Let $\mathcal{A}$ and $\mathcal{B}$ be C*-algebras. Let $\phi:\mathcal{A} \rightarrow M_2\mathcal{(B)}$ be *-homomorphism and $$\phi=\begin{bmatrix} \phi_{11} & \phi_{12}\\ \phi_{21} & \phi_{22} \end{bmatrix}$$ If $\phi_{11}:\mathcal{A} \rightarrow M(\mathcal{B})$ is a *-homomorphism is it true that $\phi_{12}=\phi_{21}=0$ and $\phi_{22}$ is a *-homomorphism?

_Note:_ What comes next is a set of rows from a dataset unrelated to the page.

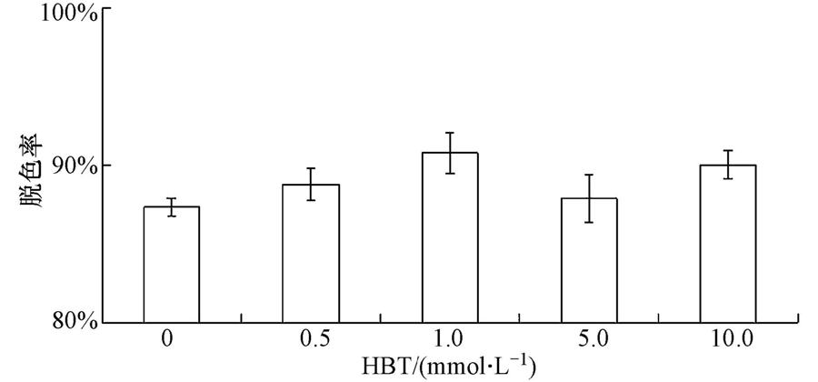 分別在脫色體系中加入0、0.1、0.5、1.0 μmol · L-1 濃度的ABTS,0、0.5、1、5、10 mmol · L-1濃度的HBT,探究脫色助劑對脫色率的影響.結果(圖 9、10)表明,在試驗范圍內ABTS對脫色影響不顯著;但HBT效果顯著,室溫下加入1 mmol · L-1 HBT反應10 min,其脫色率可達到對照組(50 ℃)反應60 min時的脫色率(87.35%),顯著提高了漆酶的脫色效率.HBT是良好的氧化還原介質,在漆酶催化染料脫色、紙漿漂白及其它污染物降解過程中起著重要作用的研究表明HBT是Pleurotus sajor-caju和G. lucidum所產漆酶脫色的最佳助劑.漆酶-HBT介質系統對降 解Acid Red 1、Reactive Black 5、reactive red 239、reactive yellow 15、reactive blue 114等染料非常有效. HBT濃度為1.0 mmol · L-1時效果最佳(脫色率可達90.81%),濃度大于1.0 mmol · L-1以后促進作用反而降低(圖 10),因為HBT超過一定濃度時,其形成的自由基對漆酶的酶活有抑制作用.具體參見污水寶商城資料或http://www.bnynw.com更多相關技術文檔。
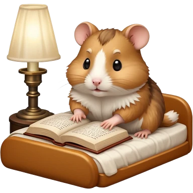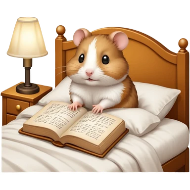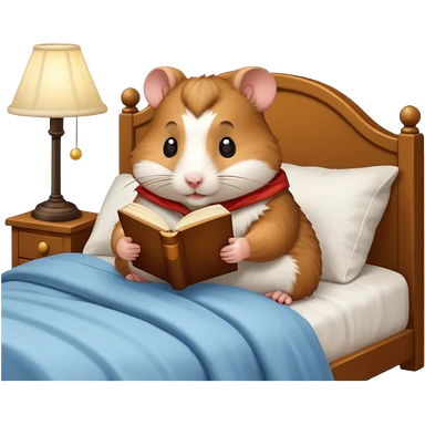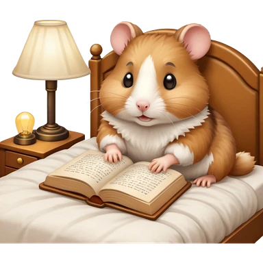 hamster reading in bed with retro light lamp next to it emoji
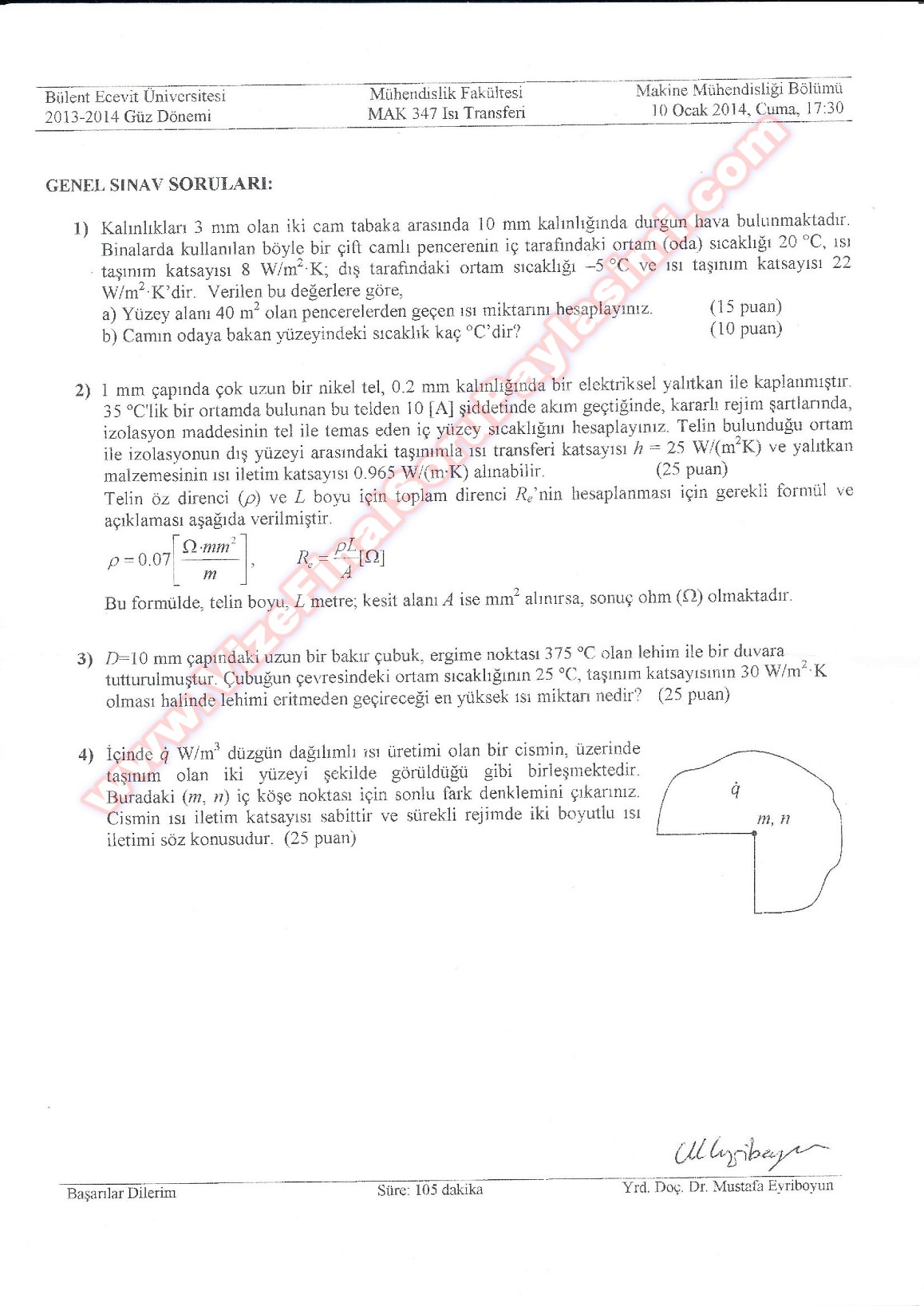 Vize ve Final Soruları / Bülent Ecevit Üniversitesi / Isı Transferi Dersi
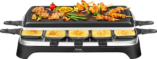 Met de Tefal Gourmet 10 Inox & Design RE4588 gourmet je tot 10 personen. Dankzij het hoge vermogen van 1.350 watt is het gourmetstel snel opgewarmd. De Tefal Thermo Signal-stip kleurt effen rood wanneer hij op temperatuur is. Handig, want zo weet je precies wanneer je de ingrediënten op de grillplaat legt. Verder gebruik je het gourmetstel tegelijkertijd ook als raclette. Zo smelt je in het pannetje een plakje kaas voor bijvoorbeeld je cheeseburger. Na gebruik was je de plaat met de hand af. Het netsnoer koppel je los van de grill, zodat je `m gemakkelijk opbergt in je keukenkastje.
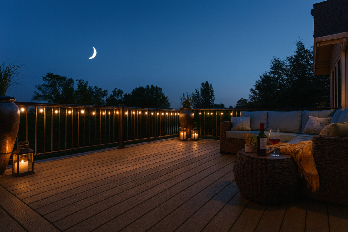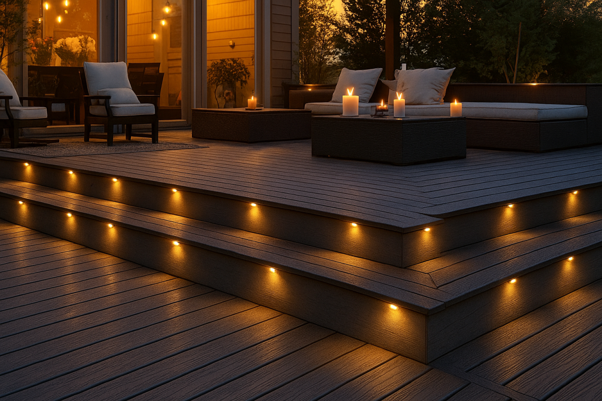 Under-deck lighting expands usable square footage, creating comfortable spaces for all weather conditions and times of day.

Using $\phi(ab)=\phi(a)\phi(b)$ I got
$\phi_{11}(a)\phi_{21}(b)=0$
$\phi_{12}(ab)=\phi_{11}(a)\phi_{12}(b)+\phi_{12}(a)\phi_{22}(b)$
$\phi_{21}(ab)=\phi_{21}(a)\phi_{11}(b)+\phi_{22}(a)\phi_{21}(b)$
$\phi_{22}(ab)=\phi_{21}(a)\phi_{12}(b)+\phi_{22}(a)\phi_{22}(b)$
I could not conclude anything. Thanks in advance.
If you look at the 1,1 entries of $\phi(a^*a)$ and $\phi(a)^*\phi(a)$, you get (after using the $\phi_{11}$ is a $*$-homomorphism) that $\phi_{21}(a)^*\phi_{21}(a)=0$. So $\phi_{21}(a)=0$ for all $a$.
Now use that $\phi$ preserves adjoints to get that $\phi_{12}=0$. And now your last equation gives you that $\phi_{22}$ is multiplicative.